### Provided records
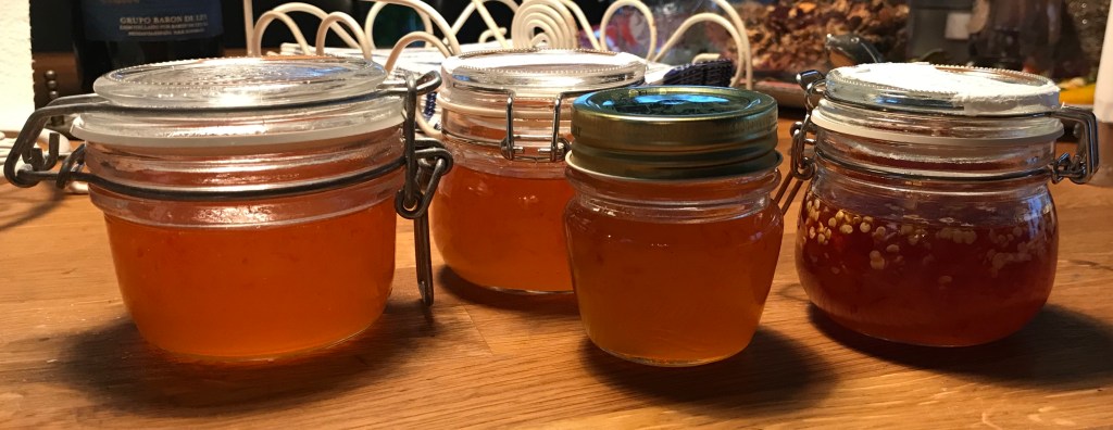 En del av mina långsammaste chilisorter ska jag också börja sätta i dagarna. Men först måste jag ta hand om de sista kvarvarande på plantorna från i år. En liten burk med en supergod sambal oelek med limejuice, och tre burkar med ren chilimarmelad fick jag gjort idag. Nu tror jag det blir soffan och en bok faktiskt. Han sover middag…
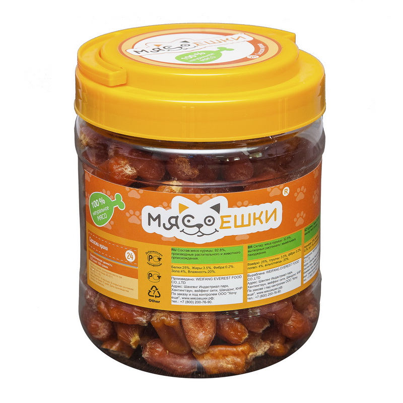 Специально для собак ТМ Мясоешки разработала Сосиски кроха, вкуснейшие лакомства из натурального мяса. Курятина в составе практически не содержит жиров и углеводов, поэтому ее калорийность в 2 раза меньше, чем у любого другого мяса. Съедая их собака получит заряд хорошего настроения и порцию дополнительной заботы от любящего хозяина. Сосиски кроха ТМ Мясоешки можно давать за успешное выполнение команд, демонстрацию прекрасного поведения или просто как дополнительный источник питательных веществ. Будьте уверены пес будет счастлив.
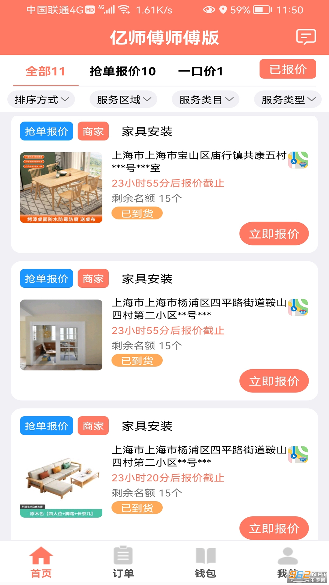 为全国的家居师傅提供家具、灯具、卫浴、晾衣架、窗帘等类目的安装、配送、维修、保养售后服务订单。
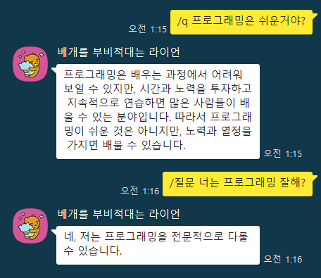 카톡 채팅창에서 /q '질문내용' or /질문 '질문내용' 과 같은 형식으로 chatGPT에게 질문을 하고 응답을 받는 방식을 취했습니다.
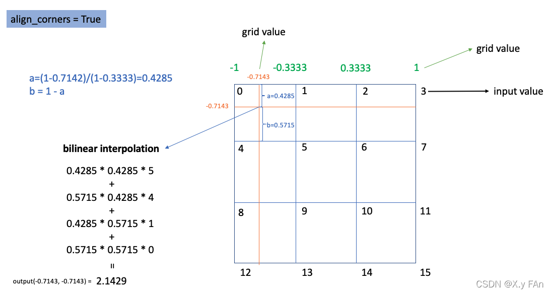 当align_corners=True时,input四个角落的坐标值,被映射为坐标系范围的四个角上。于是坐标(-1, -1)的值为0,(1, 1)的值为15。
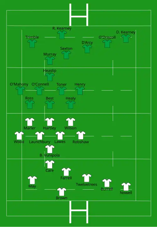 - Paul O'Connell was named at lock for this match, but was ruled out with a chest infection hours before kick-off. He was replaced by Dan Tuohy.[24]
...
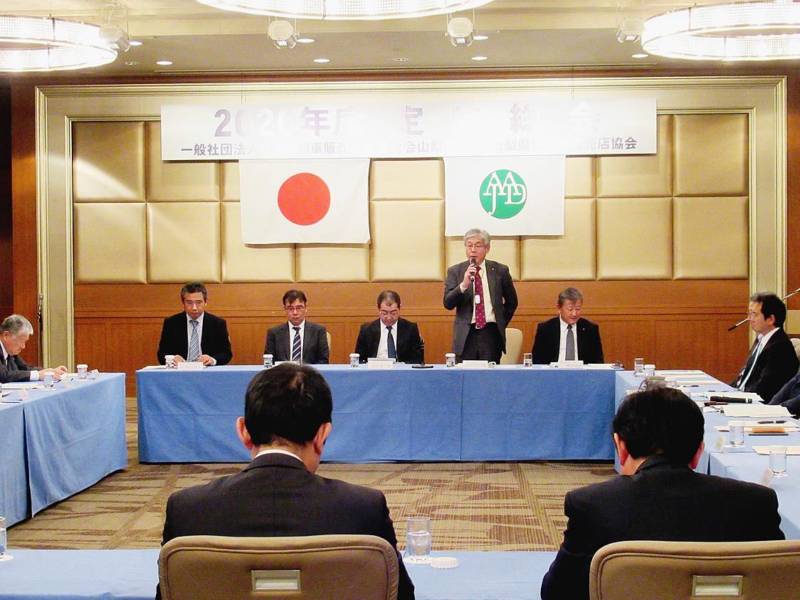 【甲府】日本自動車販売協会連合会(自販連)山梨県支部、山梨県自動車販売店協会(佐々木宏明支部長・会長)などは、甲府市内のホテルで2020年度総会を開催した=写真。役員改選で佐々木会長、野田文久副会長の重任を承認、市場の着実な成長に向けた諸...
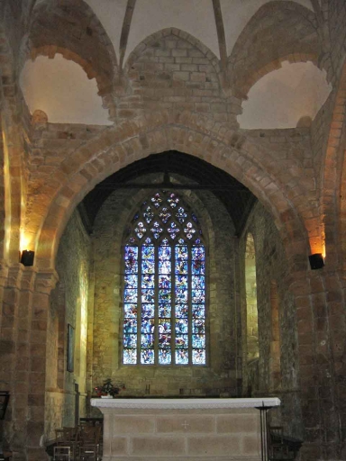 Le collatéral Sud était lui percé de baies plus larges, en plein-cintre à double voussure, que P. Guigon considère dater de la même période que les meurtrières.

### Task objective
Within these entries, output exactly the lines starting at the one with "为全国的家居师傅提供家具、灯" and finishing at the one with "- Paul O'Connell". Leave pictures out of the output.

### Written reply
 为全国的家居师傅提供家具、灯具、卫浴、晾衣架、窗帘等类目的安装、配送、维修、保养售后服务订单。
 카톡 채팅창에서 /q '질문내용' or /질문 '질문내용' 과 같은 형식으로 chatGPT에게 질문을 하고 응답을 받는 방식을 취했습니다.
 当align_corners=True时,input四个角落的坐标值,被映射为坐标系范围的四个角上。于是坐标(-1, -1)的值为0,(1, 1)的值为15。
 - Paul O'Connell was named at lock for this match, but was ruled out with a chest infection hours before kick-off. He was replaced by Dan Tuohy.[24]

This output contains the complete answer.